Studio album by Tunng
- Released: 22 May 2006
- Recorded: 2006
- Genre: Folk
- Length: 42:30
- Label: Full Time Hobby FTH019
- Producer: Mike Lindsay

Tunng chronology
| Mother's Daughter and Other Songs (2005) | Comments of the Inner Chorus (2006) | Good Arrows (2007) |

= Comments of the Inner Chorus =

Comments of the Inner Chorus is English band Tunng's second album, released in late May 2006 on Full Time Hobby Recordings in the UK. The songs "Woodcat" and "Jenny Again" were both released as limited edition singles.

A common theme picked up on by reviewers after the album's release is that of the pastoral and organic. The use of surreal lyrics ("I'll look for a man to turn me into a hare" on the song "Woodcat", for example) led to comparisons to The Wicker Man and Brothers Grimm

. The album, much like its 2005 predecessor Mother's Daughter and Other Songs, has noticeable electronica influences leading many to bracket the album, and by extension Tunng, into the folktronica movement.

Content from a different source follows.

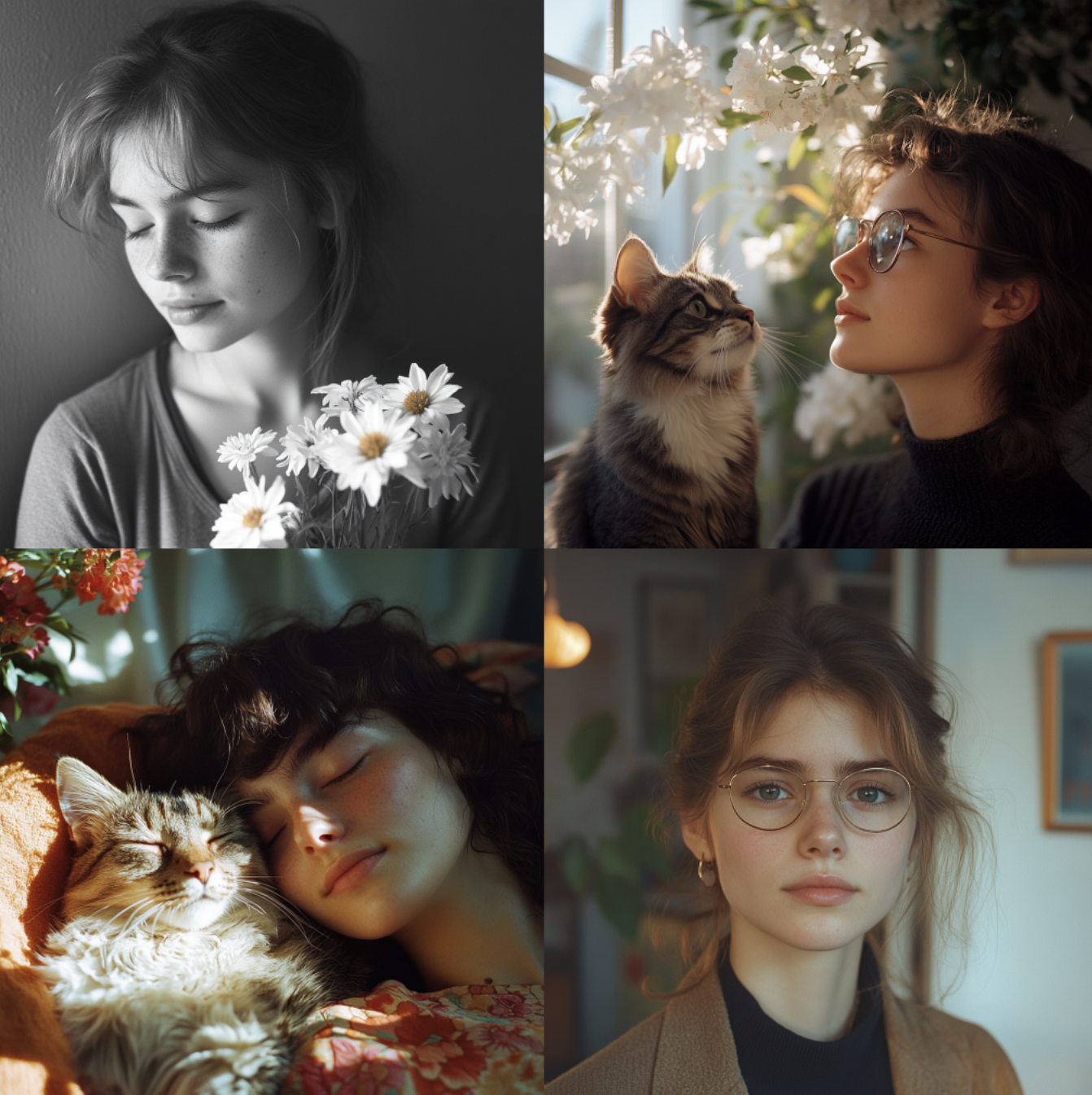 "Abstract" Portraits: wim wenders-style 35mm film photograph 24 year old feminine student who is idealistic sarcastic anxious frenetic and creative and loves cats and the smell of gardenia flowers --style raw --s 250 (RATING: 2/5)

A limited-edition version of the album was also released which contained two extra tracks: "Band Stand" and "Bodies".

Professional ratings
Review scores
| Source | Rating |
| AllMusic | Star Half star |
| Pitchfork | 7/10 |
| Drowned in Sound | 6/10 |
| The Guardian | Star |
| The Skinny | Star |

== Track listing ==
1. "Hanged" (Mike Lindsay) – 2:01
2. "Woodcat" – (Lindsay, Sam Genders) – 3:51
3. "The Wind-Up Bird" – (Lindsay) – 4:16
4. "Red and Green" – (Genders) – 2:40
5. "Stories" – (Lindsay) – 2:47
6. "Jenny Again" – (Genders) – 3:22
7. "Man in the Box" – (Lindsay, Genders) – 4:56
8. "Jay Down" – (Lindsay, Genders, Ashley Bates, Phill Winter) – 3:38
9. "It's Because... We've Got Hair" – (Lindsay) – 3:03
10. "Sweet William" – (Genders) – 3:35
11. "Engine Room" – (Lindsay) – 8:16
12. "Band Stand" – 3:03
13. "Bodies" – 4:28

== Personnel ==
- Mike Lindsay – guitars, vocals
- Sam Genders – guitars, vocals
- Ashley Bates – Spanish guitar, bowed banjo, vocals
- Phill Winter – sampler, effects
- Becky Jacobs – vocals, melodica
- Martin Smith – beads, reeds, bells, shells, bones, stones
- Dave Lewis Lloyd – cello
- Sefa – harp
- Detta – flute

== Music videos ==
Music videos were made for "Woodcat", "Jenny Again" and "It's Because... We've Got Hair".